The new military leader has to say the magic words in private – yes we will be an American puppet or in game of thrones terms – I will bend the knee to Trump. Arguing against the magic words hypothesis is that Trump met with some potential Venezuelan coup leaders already and did not support them. We do not why and how that played out. One would think the coup leaders were prepared to do whatever was being asked of them. Yet there was still no support. The coup leaders were clearly proved to be too weak. So is there also some critical power balance ratio that is needed before the US provides support. Does a Venezuelan coup need other South American support or do they have to fit some other kinds of profiles? I think there is some groups that can get support but this would require the kind of intelligence that is not publicly available.

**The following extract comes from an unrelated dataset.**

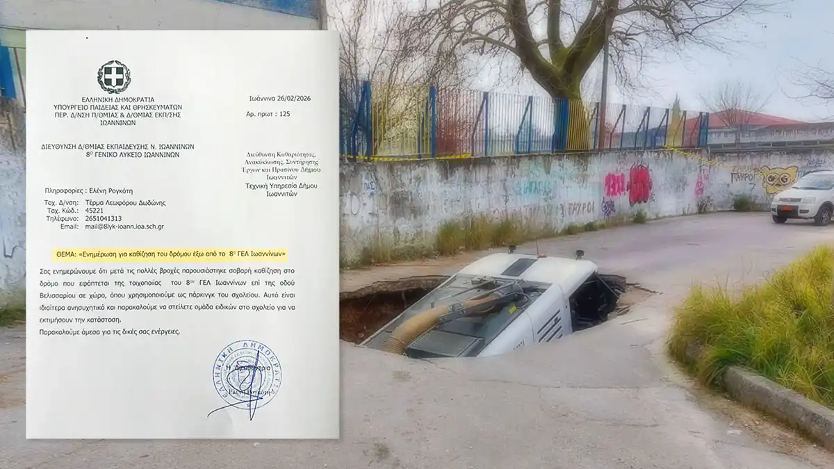 Από τις 26 Φεβρουαρίου, είχε ειδοποιήσει η διεύθυνση του 8ου Γενικού Λυκείου Ιωαννίνων τη δημοτική αρχή για τον κίνδυνο καθίζησης στο σημείο όπου το πρωί της Τετάρτης το έδαφος… ρούφηξε το όχημα καθαριότητας του Δήμου Ιωαννιτών.

If the US support is provided, then those coup leaders with support should be able to then easily win and get the economy fixed over ten years or so. The US could try to arrange for certain terms or contracts to head China’s way if they get on the right side of this.

David Papadopoulos is a managing editor at Bloomberg who lived and worked as a reporter in Venezuela and his wife of many years is Venezuelan. He left Venezuela many years ago. The rest of his wife’s family left after her father was kidnapped by Columbians and freed after a few weeks. David’s view is that it would not be surprising if Maduro was gone in 20 days and would not be surprising if Maduro was still there and in charge in 20 years. He describes how Chavez led a failed coup and then the regime at that time made the mistake of allowing him to speak on national TV as part of the surrender agreement. Chavez had much more charisma and made a huge impression. Years later he won an election in a landslide. Chavez went about nationalizing business and the rest of the changes that happened which ended up where Venezuela is now. So someone with close ties says the leadership situation is too uncertain. The easier prediction is that the economy of Venezuela stays terrible with Maduro and the people continue to suffer.